• _What to do_
Print the lines below from the line with "Photographed using the" to the line with "Painted stork ,Motemajra" exactly, keeping both ends, and print no pictures.

• _Stored data entries_
+ + +

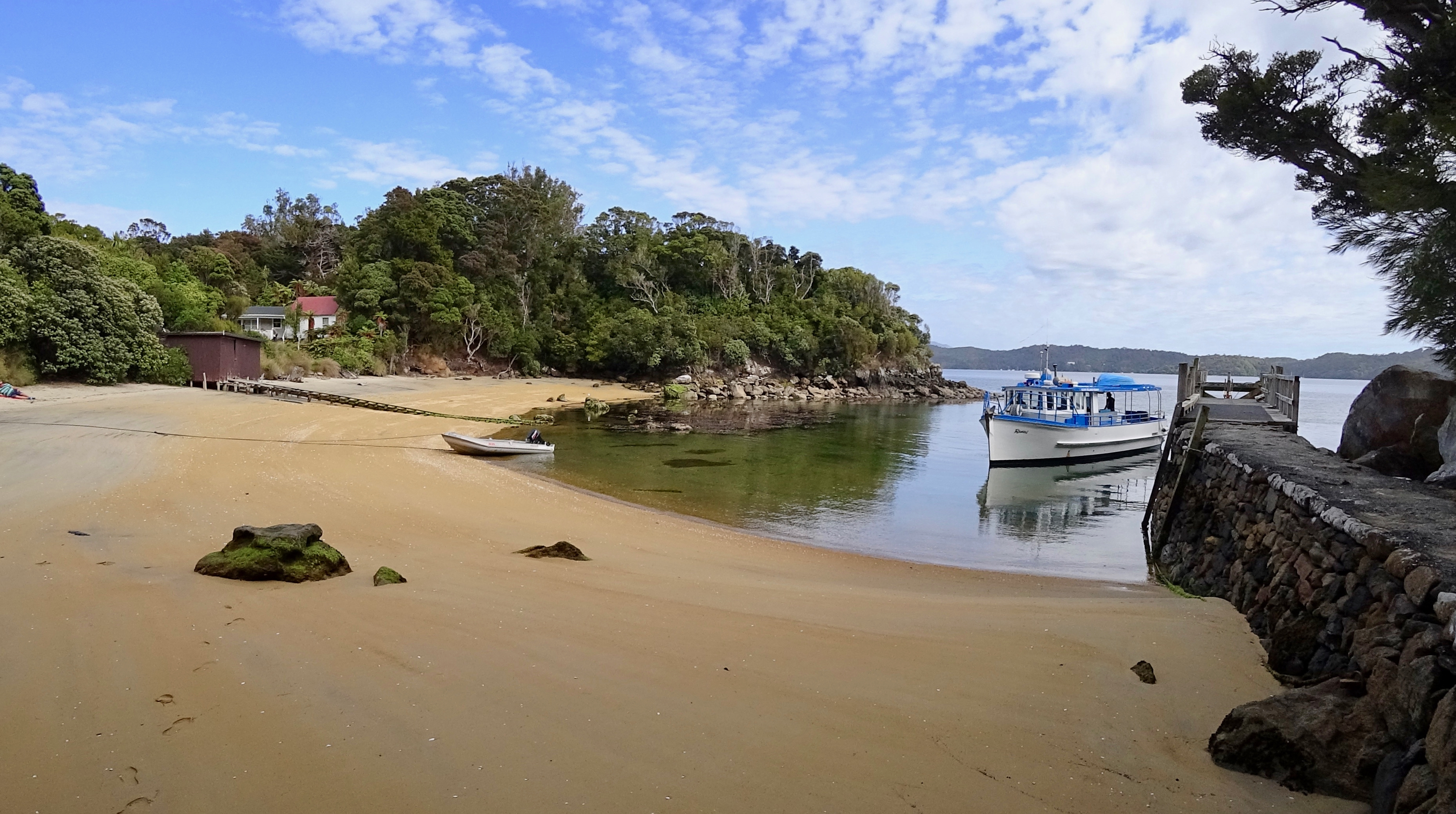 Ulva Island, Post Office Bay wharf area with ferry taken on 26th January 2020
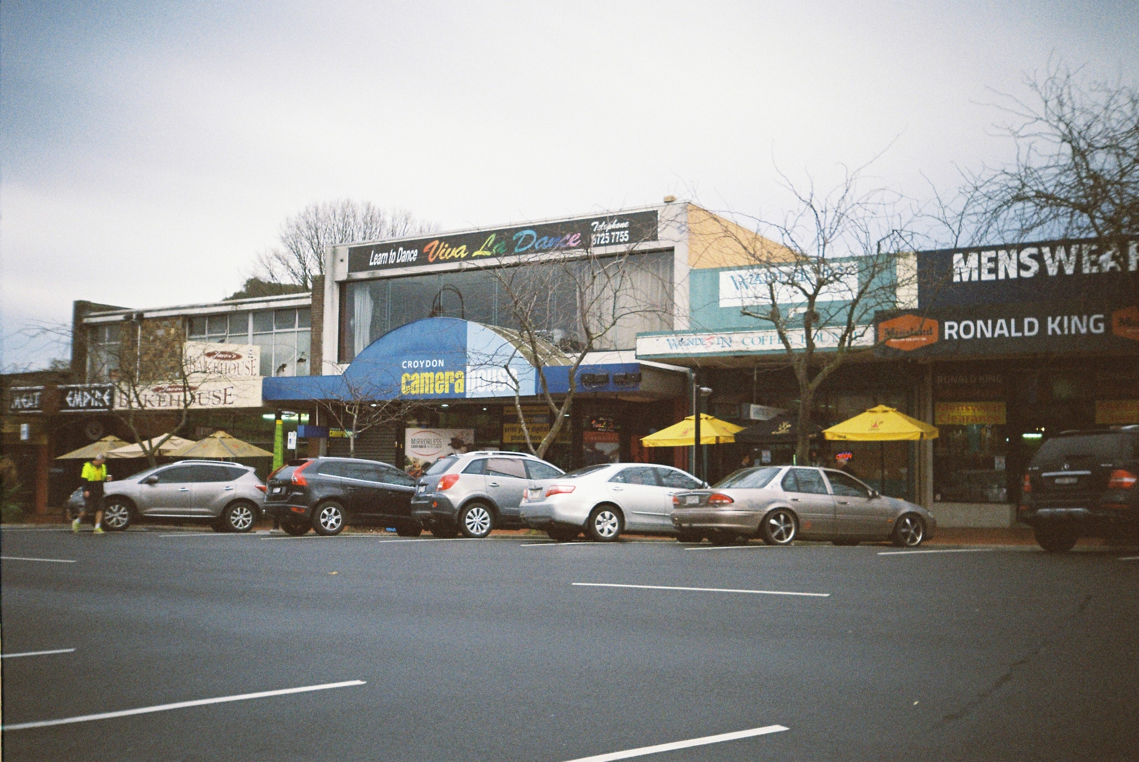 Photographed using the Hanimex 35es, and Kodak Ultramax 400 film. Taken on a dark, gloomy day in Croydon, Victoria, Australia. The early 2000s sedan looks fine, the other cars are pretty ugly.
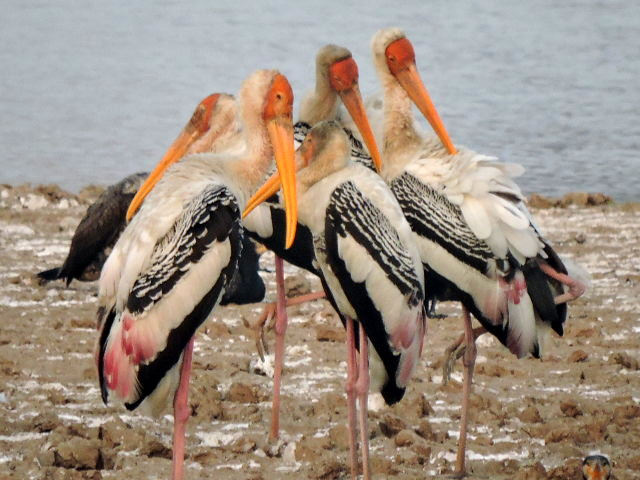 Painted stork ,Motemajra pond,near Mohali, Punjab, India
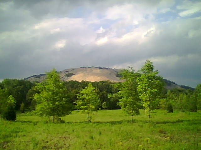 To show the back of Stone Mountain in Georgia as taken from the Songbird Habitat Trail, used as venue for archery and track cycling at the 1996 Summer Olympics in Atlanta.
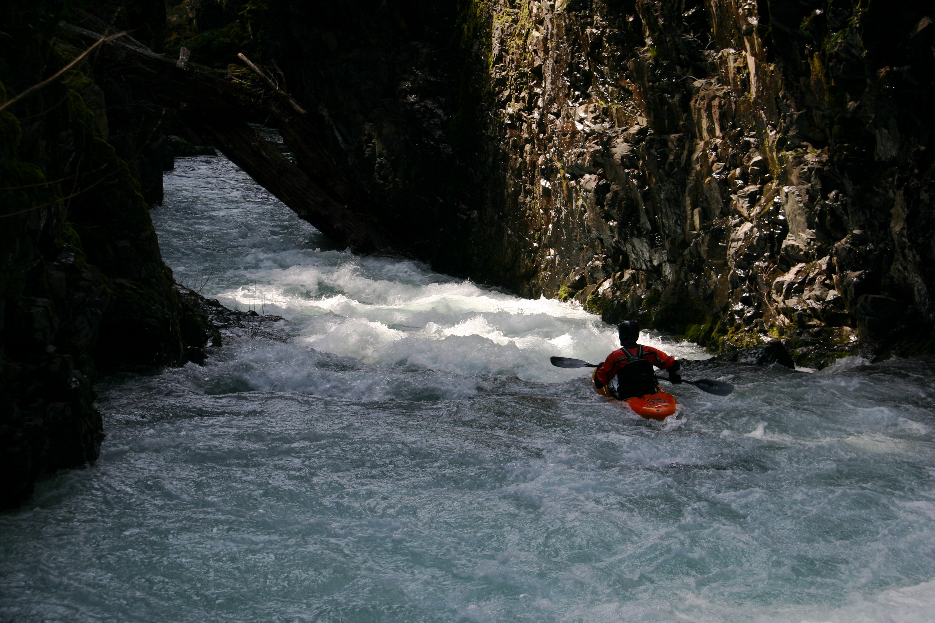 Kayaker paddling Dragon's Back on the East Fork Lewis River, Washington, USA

+ + +

• _Output for this task_
 Photographed using the Hanimex 35es, and Kodak Ultramax 400 film. Taken on a dark, gloomy day in Croydon, Victoria, Australia. The early 2000s sedan looks fine, the other cars are pretty ugly.
 Painted stork ,Motemajra pond,near Mohali, Punjab, India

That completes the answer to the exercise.